I robot tra noi, la dipendenza tecnologica fuori e dentro la fabbrica

Nel 2030, secondo le più recenti ricerche, molte professioni attuali scompariranno (vedi i telemarketers o i contabili, ma anche i venditori). La causa? Digitalizzazione, virtualizzazione, intelligenza artificiale e robotica. Di questo ha parlato Paolo Gallina, Professore di Robotica e Human-Machine Interaction dell’Università di Trieste nel suo intervento nella tappa di Mogliano Veneto in provincia di Treviso di Fabbrica Futuro, raccontando come i robot sono ormai in mezzo a noi (vedi la ‘macchina’ da tavolo Jibo, il primo assistente personale robotico per la famiglia).

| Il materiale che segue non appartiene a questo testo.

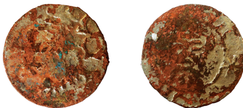
Il. 8. 18 Fałszerstwo z epoki wrocławskiego halerza Zygmunta Luksemburskiego

Ma sono tanti i robot utilizzabili nel quotidiano. Per esempio c’è Paro, un robot ‘terapeutico’ usato per curare la demenza senile, addirittura adottato da una coppia di giapponesi. Una dimostrazione di come tra uomo e macchina si sta creando un rapporto empatico. “Le macchine hanno un’anima nella misura in cui noi crediamo di intravederla”, ha spiegato l’esperto, autore del libro L’anima delle macchine – Tecnodestino, dipendenza tecnologica e uomo virtuale con prefazione di Giuseppe O. Longo.

Il trend evidenziato da Gallina è che a fronte della pervasività della tecnologia la nostra mente è destinata a cambiare: utilizzando, per esempio, la calcolatrice, il cervello perde intelligenza cognitiva; succede quando si delegano le azioni alle macchine – anche all’interno dell’azienda. È tuttavia qualcosa che avviene da secoli, basti pensare all’orologio, perché nessuno sarebbe oggi in grado di dire con esattezza l’ora guardando il cielo, e oggi è ancora più evidente con l’esplosione della tecnologia (e dei suoi costi sempre più contenuti).

La percezione della tecnologia è quindi cambiata; esistono macchine anti-edonistiche (strumenti che impediscono di provare un piacere di breve tempo in virtù di un vantaggio di lungo termine), come l’app che permette all’utente stesso di bloccare la navigazione su internet per un certo periodo. Come sarà vivere a stretto contatto con i robot dunque? Lo stiamo (appena) scoprendo.